‘Unusually well-placed to research and rehearse the story of that terrible event … [Richie] offers a comprehensive narrative of the Polish experience’ Max Hastings, Sunday Times
‘Richie's detailed and sympathetic history … draws heavily on private archives and recounts many unpublished stories. Such survivors' testimony make it the definitive study of the uprising’ Economist
‘Chronicled with astonishing precision by historian and Warsaw resident … this grim and chilling book delivers exhaustive and unforgettable details of this gruesome chapter of World War II’ Publishers Weekly
‘A detailed, if harrowing, narrative history of the rising. Richie has mastered an immense range of material in both German and Polish … There are powerful first person accounts … impressively accomplished in terms of research and narrative … Readers … will gain an understanding of an extraordinary event’ BBC History Magazine
‘Fast-paced narrative history’ Observer
‘Most impressive. She explodes many myths, and is more balanced and judicious than some previous writers in her dissection of the difficult moral and military problems faced by the Poles, by their British allies, and even by the Russians who brought both liberation and a new subjection … Richie brings it magnificently alive’ Rodric Braithwaite, author of ‘Afgansty’
‘Must be the most detailed and harrowing account of the uprising staged by the Polish Home Army … ever published, and is likely to be of lasting value to scholars and general readers alike … this extraordinarily detailed account of a two-month bloodbath creates a vast monument to an often neglected event’ TLS
‘A sympathetic portrait of the struggle waged by Polish insurgents and the civilians caught up in it … As a detailed narrative of the brutal crushing of the uprising as seen through civilian eyes … ‘Warsaw 1944’ is an important contribution to a tragic literature’ Wall Street JournalFrom the Publisher:
As Antony Beevor cast new light on the Battle of Stalingrad, Alexandra Richie here unearths the traumatic story of one of the last major battles of World War II, in which the Poles fought off German troops, street by street, for sixty-three days.
The Warsaw Uprising of 1944 was a shocking event in a hideous war.
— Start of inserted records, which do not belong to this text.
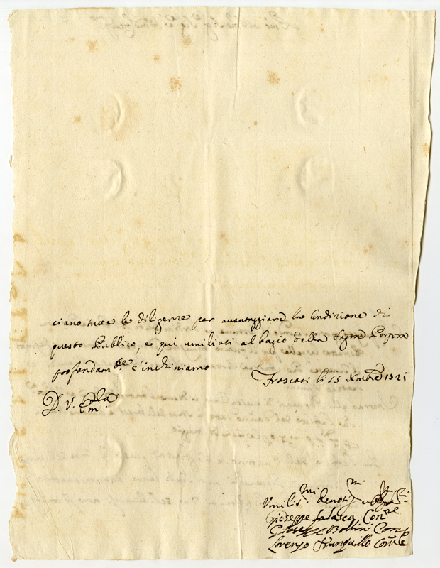 Lettera di Giuseppe Falasca, Giuseppe Bollini e Lorenzo Tranquillo al cardinale Annibale Albani (1721 dicembre 15)
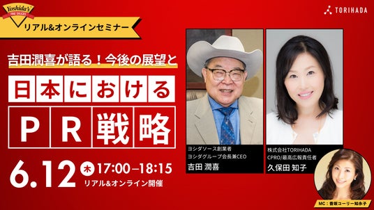 株式会社TORIHADA(本社:東京都渋谷区、代表取締役社長:若井 映亮)は、ヨシダソース創業者でありヨシダグループ会長兼CEOの吉田潤喜氏をお招きし、特別セミナー『吉田潤喜が語る!今後の展望と日本におけるPR戦略』を2025年6月12日(木)に開催いたします。
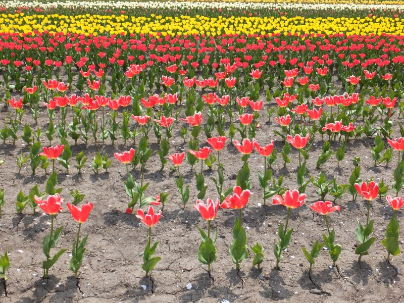 今年は天候の影響で、開花が遅れ、パンジーに植え替えたエリアもあるようですが。それでも4割が咲いていました。ポップコーンのような花。まさしく品種名は「ポップコーン」。新種だそうです。球根の向きをそろえて植えているので、葉っぱの向きもそろっているそうです。そんなこと、知りませんでした。コントラストがすごいです。↑ 次回記事も期待の方は一日1クリック プリーズ。
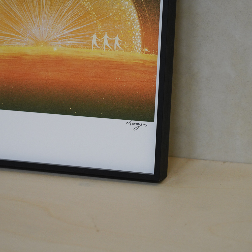 鋁框背面均有鋼索,可於牆上黏貼3M無痕掛勾(請購買5kg以上版本以策安全)即可懸掛。
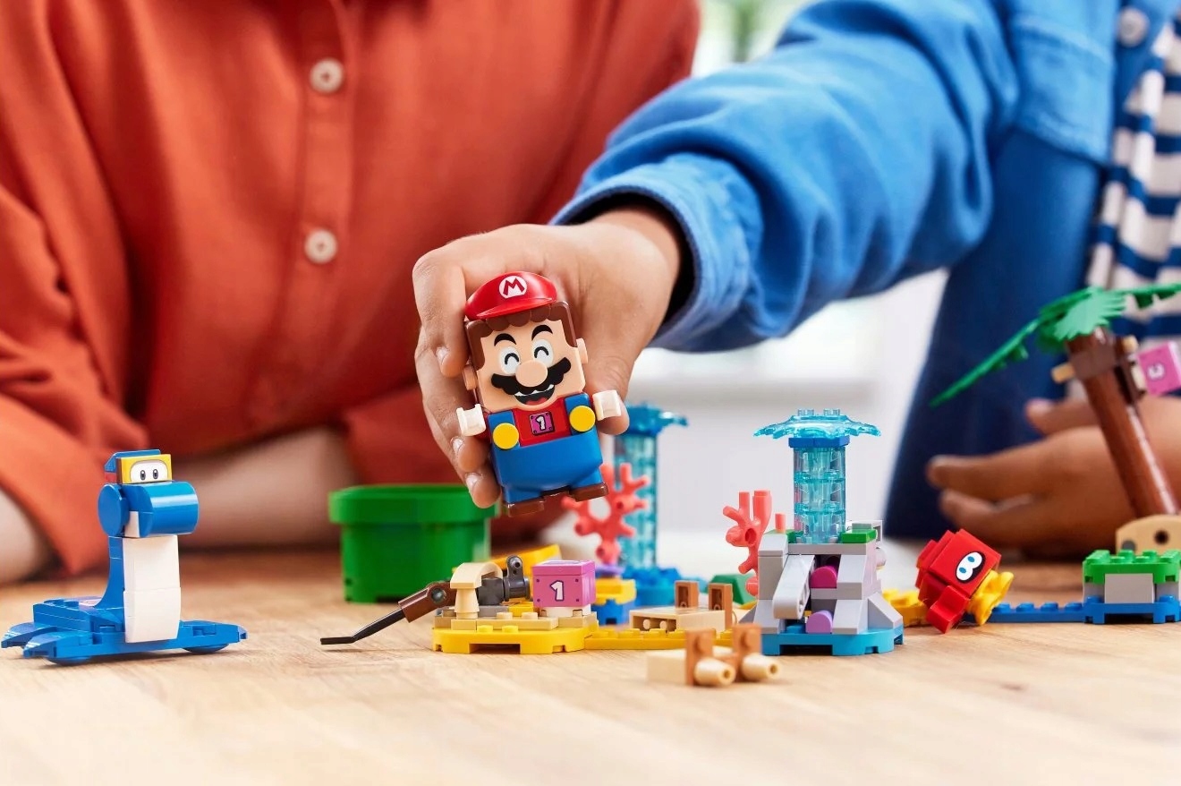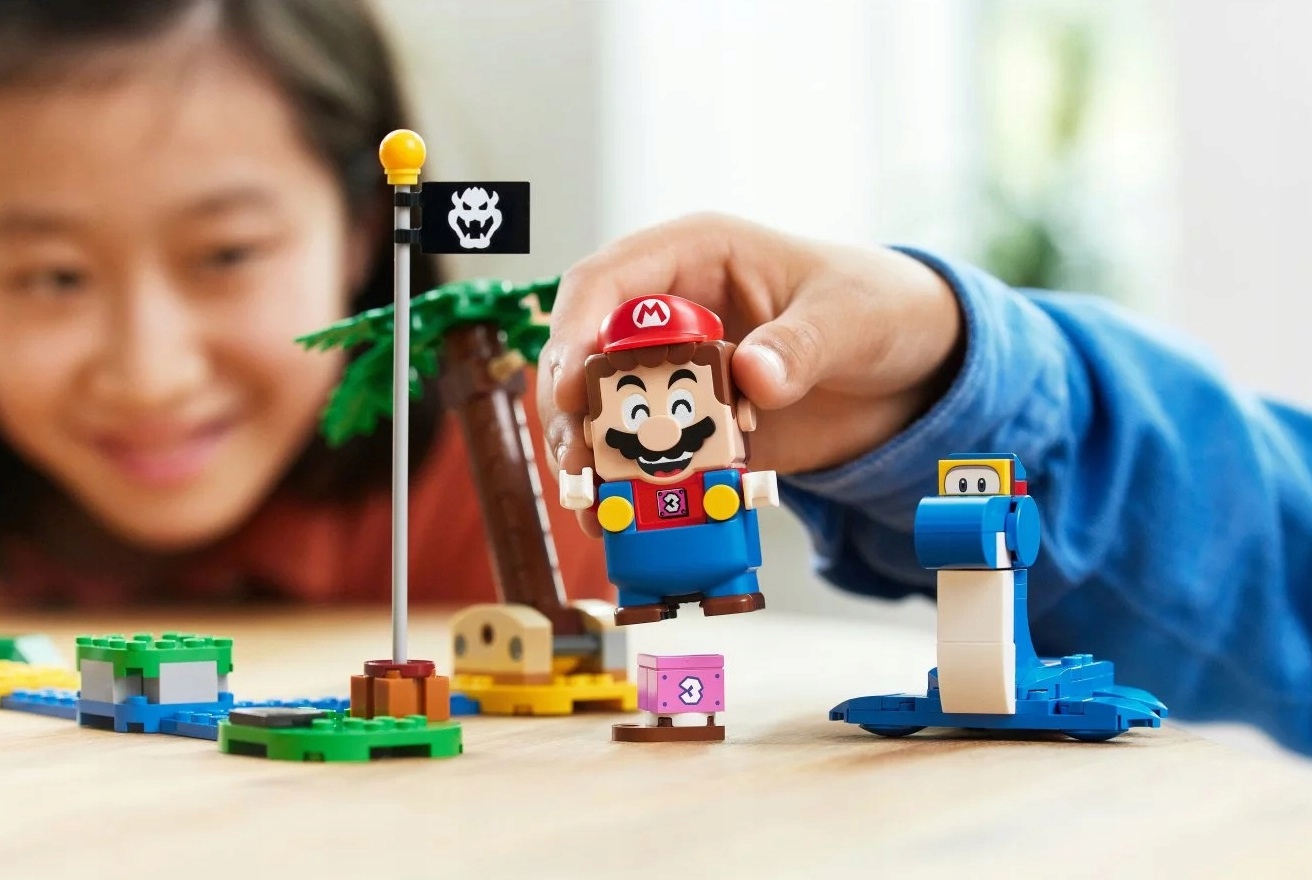 - Красочный пляж из кубиков — с помощью дополнительного набора «Пристань Дорри» (71398) дети могут добавить пляж в свой стартовый набор LEGO® Super Mario™.
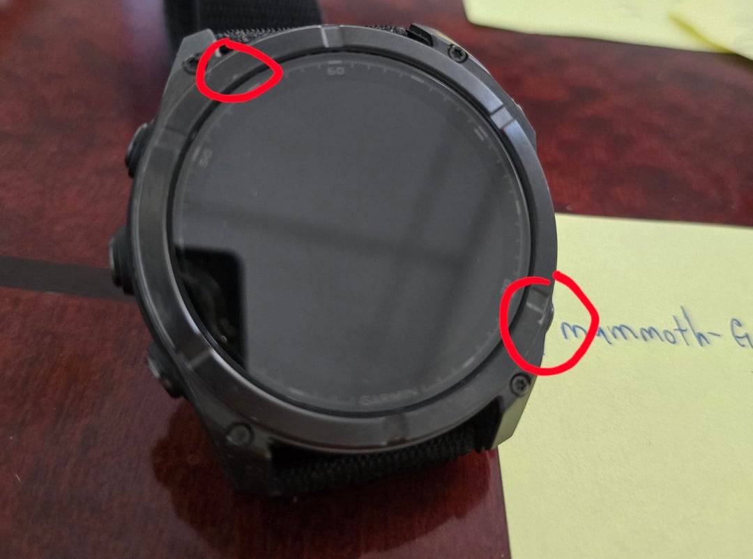 51mm Sapphire Titanium model. Includes Garmin Nylon band, Garmin Silicone band, and charger. Two small dings on bezel which are circled in red on the last photograph. Otherwise, great condition.
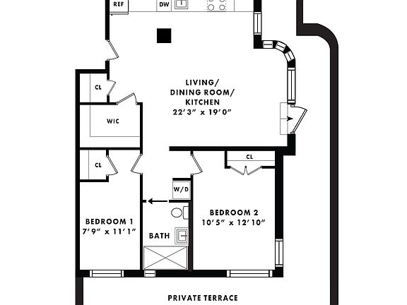 Spacious 2 bedroom, 1 bathroom featuring modern finishes, custom marble features in bathrooms, chef's kitchens with integrated stainless-steel appliances, ample closets, wide oak plank flooring and plenty of space for dining.
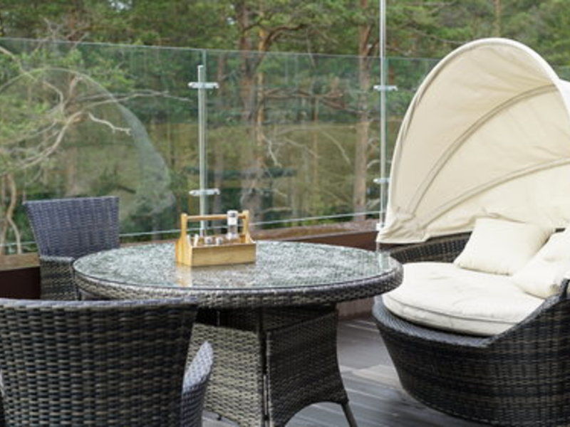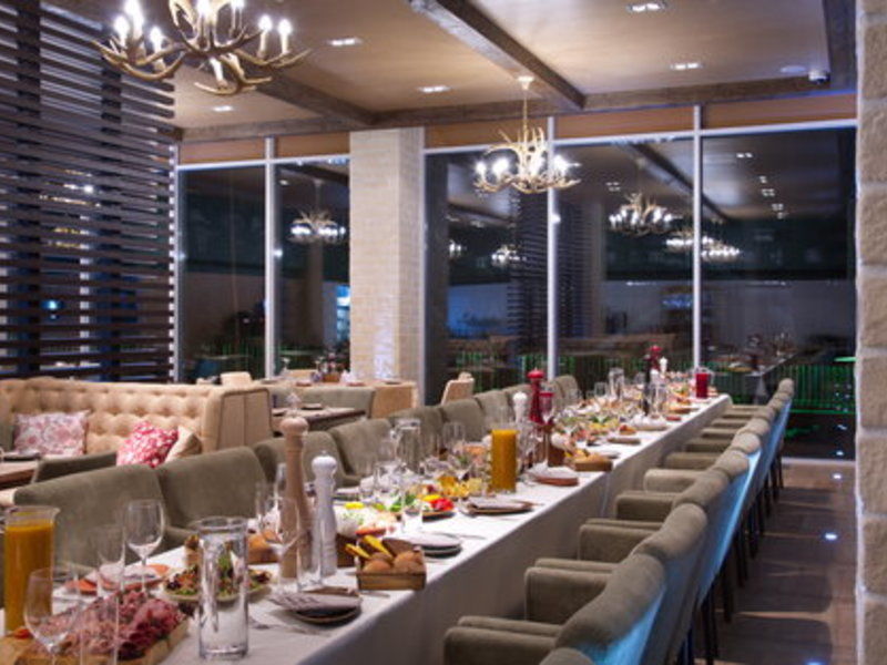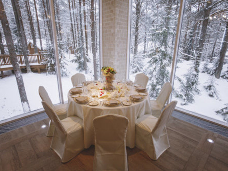 На крыше ресторана работает бар-терраса, с которого открывается восхитительный вид – в окружении сказочных верхушек сосен вы забудете о городской суете и вдоволь надышитесь свежим воздухом.

This is the first account to recall the tragedy from both German and Polish perspectives and asks why, when the war was nearly lost, Hitler and Himmler returned to Warsaw bent on murder, deportation, and destruction.
For the only time in European history a capital was entirely razed. Hundreds were thrown from windows, burned alive, shot and trampled to death. 40,000 were murdered on 5th August – the largest battlefield massacre of the war.
Using the vast archive of her combatant father-in-law Wladyslaw Bartoszewski, Alexandra Richie interweaves testimonies from all sides. Charting the crimes of the SS and then their final break-down of morale, ‘Warsaw 1944’ reveals how the Nazis had hoped that Allied divisions over Warsaw would lead to a Third World War, while Stalin’s refusal to help changed the fate of post-war Europe. But above all else ‘Warsaw 1944’ is the story of a city’s unbreakable spirit, in the face of unspeakable barbarism.